[PROVIDED ENTRIES]
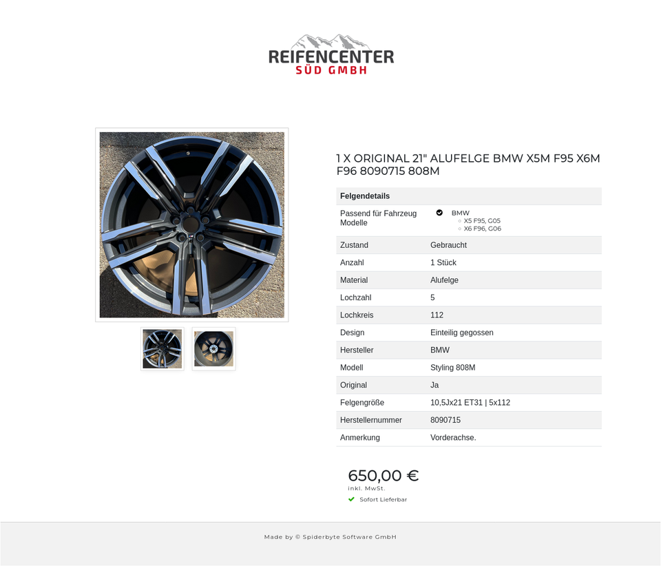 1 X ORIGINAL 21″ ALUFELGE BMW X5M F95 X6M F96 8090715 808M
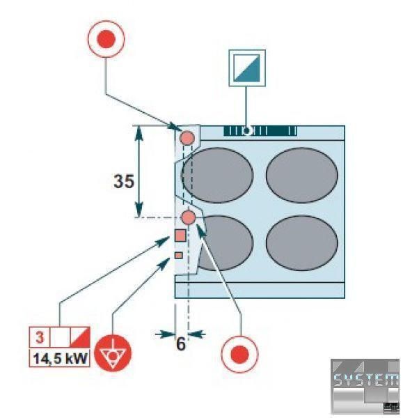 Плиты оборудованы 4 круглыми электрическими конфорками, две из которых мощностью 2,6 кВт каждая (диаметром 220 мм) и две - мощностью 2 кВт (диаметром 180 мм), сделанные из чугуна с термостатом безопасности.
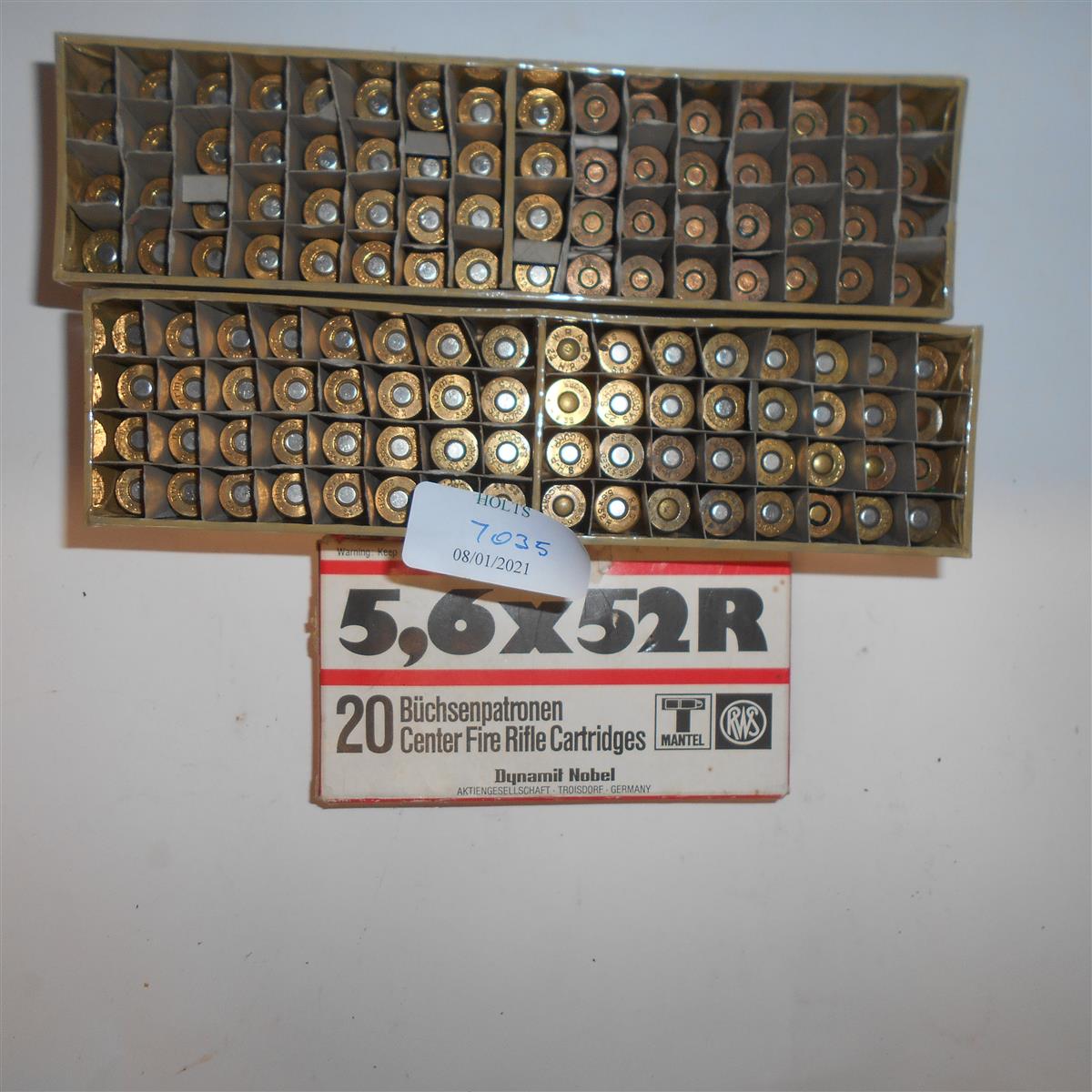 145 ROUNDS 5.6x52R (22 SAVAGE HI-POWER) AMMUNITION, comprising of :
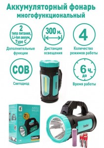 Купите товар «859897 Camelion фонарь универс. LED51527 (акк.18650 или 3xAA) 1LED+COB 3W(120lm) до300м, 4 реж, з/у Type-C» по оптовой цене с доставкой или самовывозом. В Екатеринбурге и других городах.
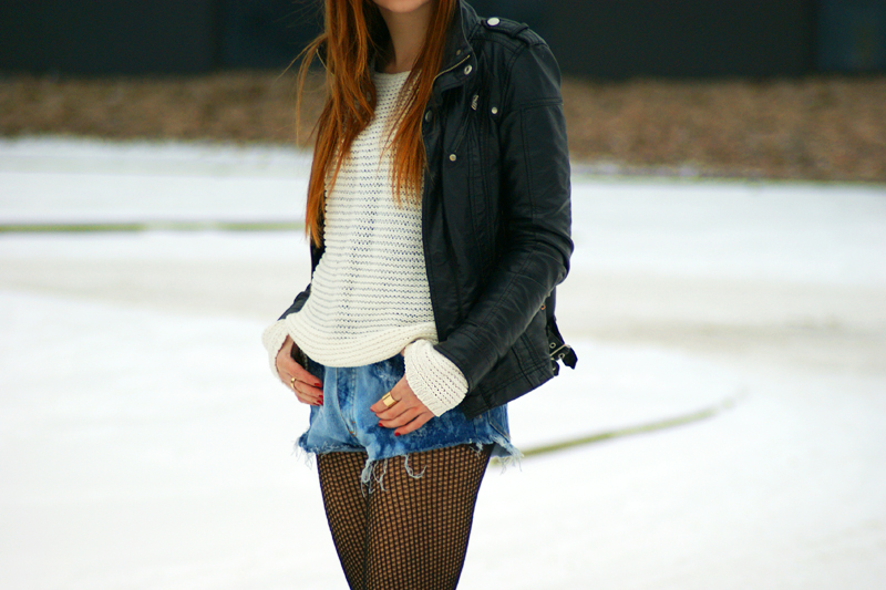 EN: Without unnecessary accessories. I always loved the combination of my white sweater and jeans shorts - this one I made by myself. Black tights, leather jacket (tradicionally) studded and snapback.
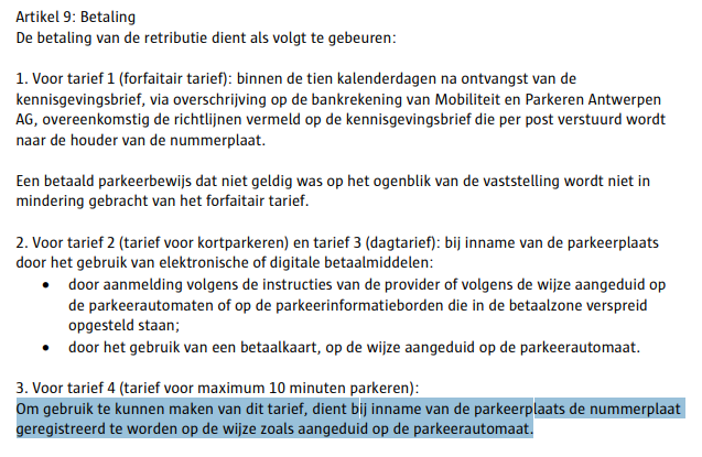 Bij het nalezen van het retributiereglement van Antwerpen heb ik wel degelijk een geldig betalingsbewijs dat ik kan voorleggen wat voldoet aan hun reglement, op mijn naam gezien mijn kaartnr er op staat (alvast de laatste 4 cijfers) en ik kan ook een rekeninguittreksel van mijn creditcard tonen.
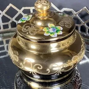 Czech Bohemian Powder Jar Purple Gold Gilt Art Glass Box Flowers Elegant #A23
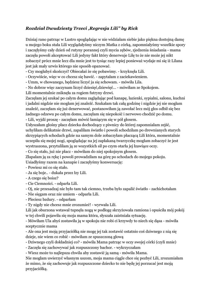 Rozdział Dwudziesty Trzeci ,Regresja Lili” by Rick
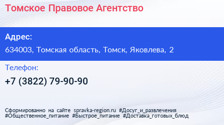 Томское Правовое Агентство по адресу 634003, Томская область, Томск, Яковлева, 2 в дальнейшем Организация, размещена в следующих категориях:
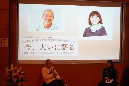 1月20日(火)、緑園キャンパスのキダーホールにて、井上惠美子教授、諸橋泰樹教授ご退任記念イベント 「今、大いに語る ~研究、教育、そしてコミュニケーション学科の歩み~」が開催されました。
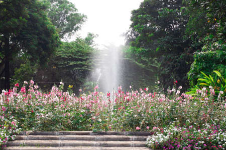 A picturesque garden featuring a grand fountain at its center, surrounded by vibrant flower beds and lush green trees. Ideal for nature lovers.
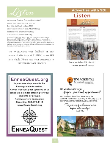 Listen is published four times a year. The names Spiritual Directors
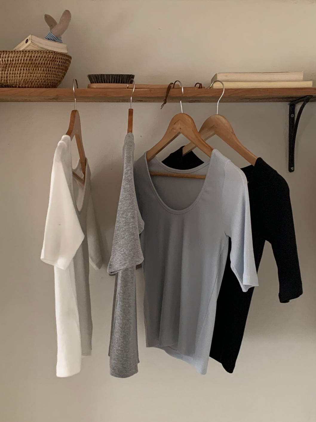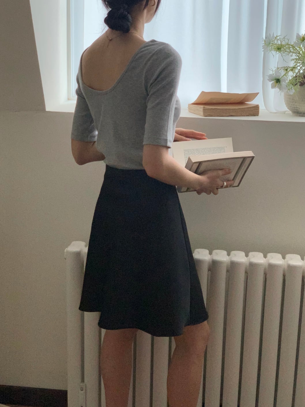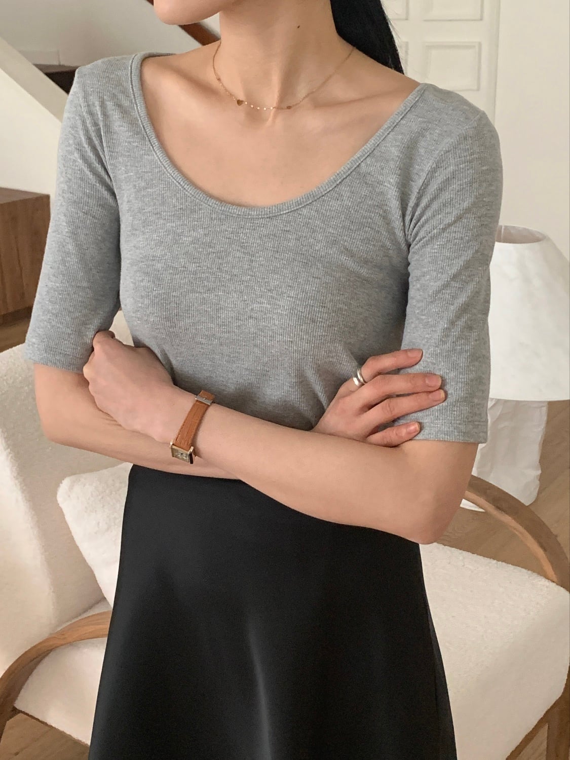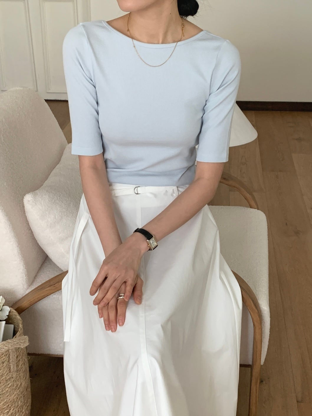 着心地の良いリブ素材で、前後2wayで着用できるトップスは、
[/PROVIDED ENTRIES]
* [WHAT TO DO]:
Only the lines from the line containing "Rozdział Dwudziesty Trzeci" through the end of the material should be retyped, exactly and in full, with no pictures.

* [SOLUTION TO THIS EXERCISE]:
 Rozdział Dwudziesty Trzeci ,Regresja Lili” by Rick
 Томское Правовое Агентство по адресу 634003, Томская область, Томск, Яковлева, 2 в дальнейшем Организация, размещена в следующих категориях:
 1月20日(火)、緑園キャンパスのキダーホールにて、井上惠美子教授、諸橋泰樹教授ご退任記念イベント 「今、大いに語る ~研究、教育、そしてコミュニケーション学科の歩み~」が開催されました。
 A picturesque garden featuring a grand fountain at its center, surrounded by vibrant flower beds and lush green trees. Ideal for nature lovers.
 Listen is published four times a year. The names Spiritual Directors
 着心地の良いリブ素材で、前後2wayで着用できるトップスは、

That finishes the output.